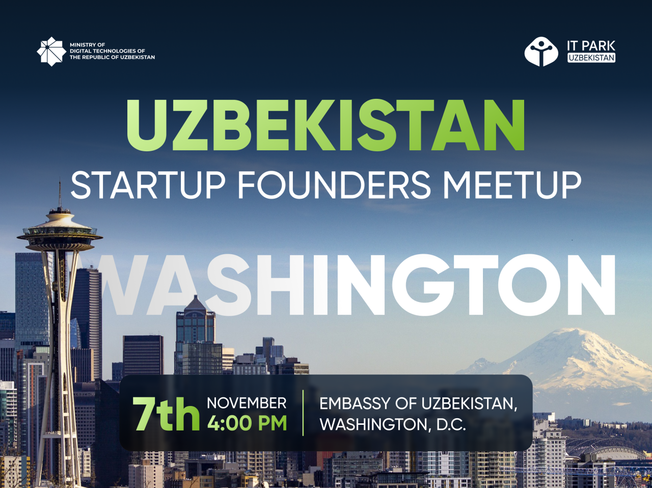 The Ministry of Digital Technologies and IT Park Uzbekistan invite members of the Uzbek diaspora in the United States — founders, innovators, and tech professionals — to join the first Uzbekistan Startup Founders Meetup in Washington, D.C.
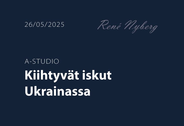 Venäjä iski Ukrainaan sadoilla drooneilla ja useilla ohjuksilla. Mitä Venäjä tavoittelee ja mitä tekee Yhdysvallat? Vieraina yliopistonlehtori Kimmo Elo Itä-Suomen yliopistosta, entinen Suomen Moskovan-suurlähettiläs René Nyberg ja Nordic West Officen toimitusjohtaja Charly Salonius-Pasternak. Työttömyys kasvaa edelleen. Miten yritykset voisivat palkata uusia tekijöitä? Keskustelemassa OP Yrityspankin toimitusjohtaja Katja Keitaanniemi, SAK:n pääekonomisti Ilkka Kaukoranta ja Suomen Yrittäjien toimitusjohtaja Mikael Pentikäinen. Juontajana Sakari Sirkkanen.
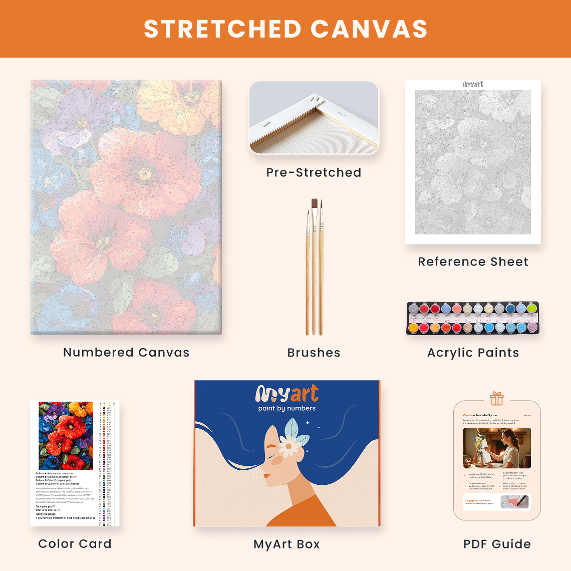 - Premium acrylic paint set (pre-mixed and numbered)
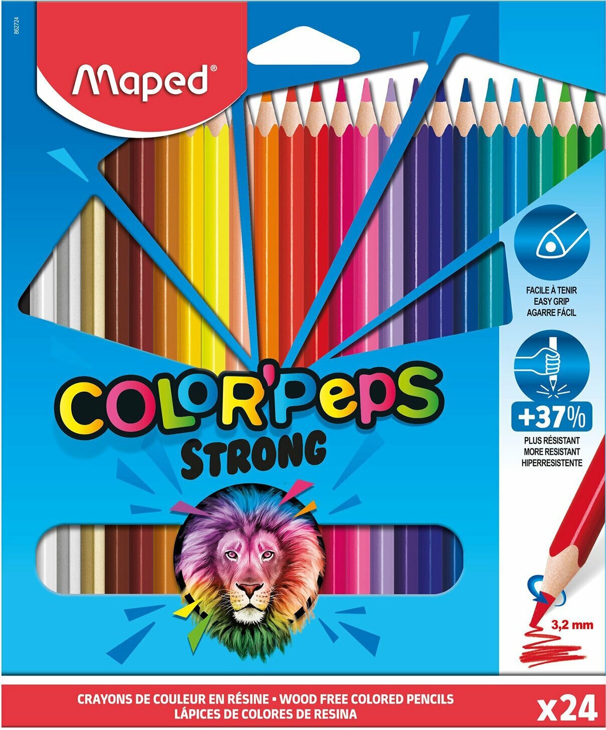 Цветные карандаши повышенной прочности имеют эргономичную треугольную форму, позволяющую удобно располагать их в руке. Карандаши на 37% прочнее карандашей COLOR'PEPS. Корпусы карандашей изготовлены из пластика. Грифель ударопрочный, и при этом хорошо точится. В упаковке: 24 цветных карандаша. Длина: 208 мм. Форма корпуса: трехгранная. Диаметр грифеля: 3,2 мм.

* * *

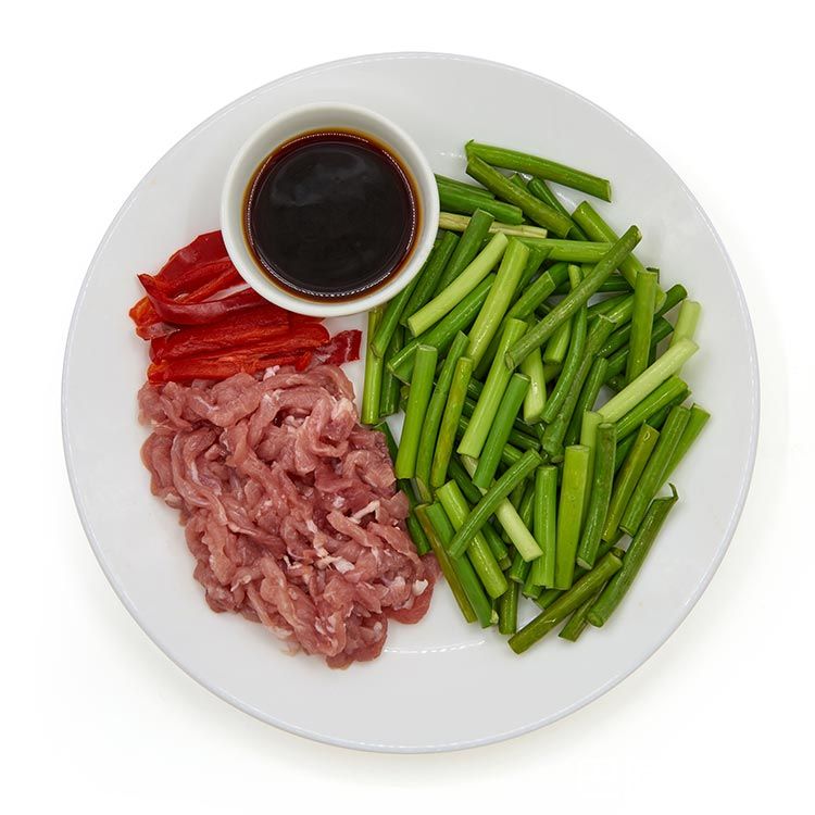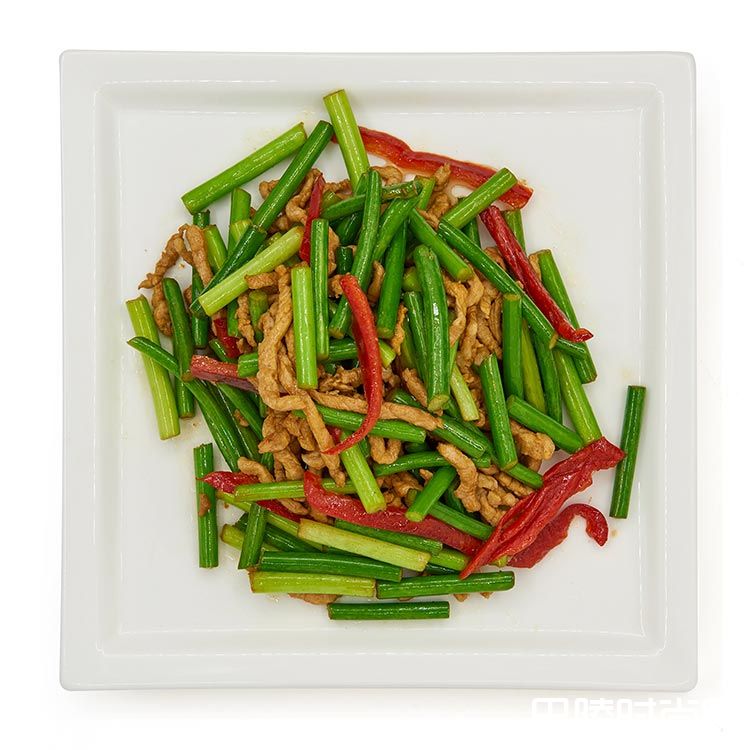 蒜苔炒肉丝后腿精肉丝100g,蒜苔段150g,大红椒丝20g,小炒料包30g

* * *

• [Your objective]:
Exact repeat of the material above: every line from the one with "Venäjä iski Ukrainaan" through the one with "- Premium acrylic", endpoints included, and nothing more. No pictures.

• [Written response]:
 Venäjä iski Ukrainaan sadoilla drooneilla ja useilla ohjuksilla. Mitä Venäjä tavoittelee ja mitä tekee Yhdysvallat? Vieraina yliopistonlehtori Kimmo Elo Itä-Suomen yliopistosta, entinen Suomen Moskovan-suurlähettiläs René Nyberg ja Nordic West Officen toimitusjohtaja Charly Salonius-Pasternak. Työttömyys kasvaa edelleen. Miten yritykset voisivat palkata uusia tekijöitä? Keskustelemassa OP Yrityspankin toimitusjohtaja Katja Keitaanniemi, SAK:n pääekonomisti Ilkka Kaukoranta ja Suomen Yrittäjien toimitusjohtaja Mikael Pentikäinen. Juontajana Sakari Sirkkanen.
 - Premium acrylic paint set (pre-mixed and numbered)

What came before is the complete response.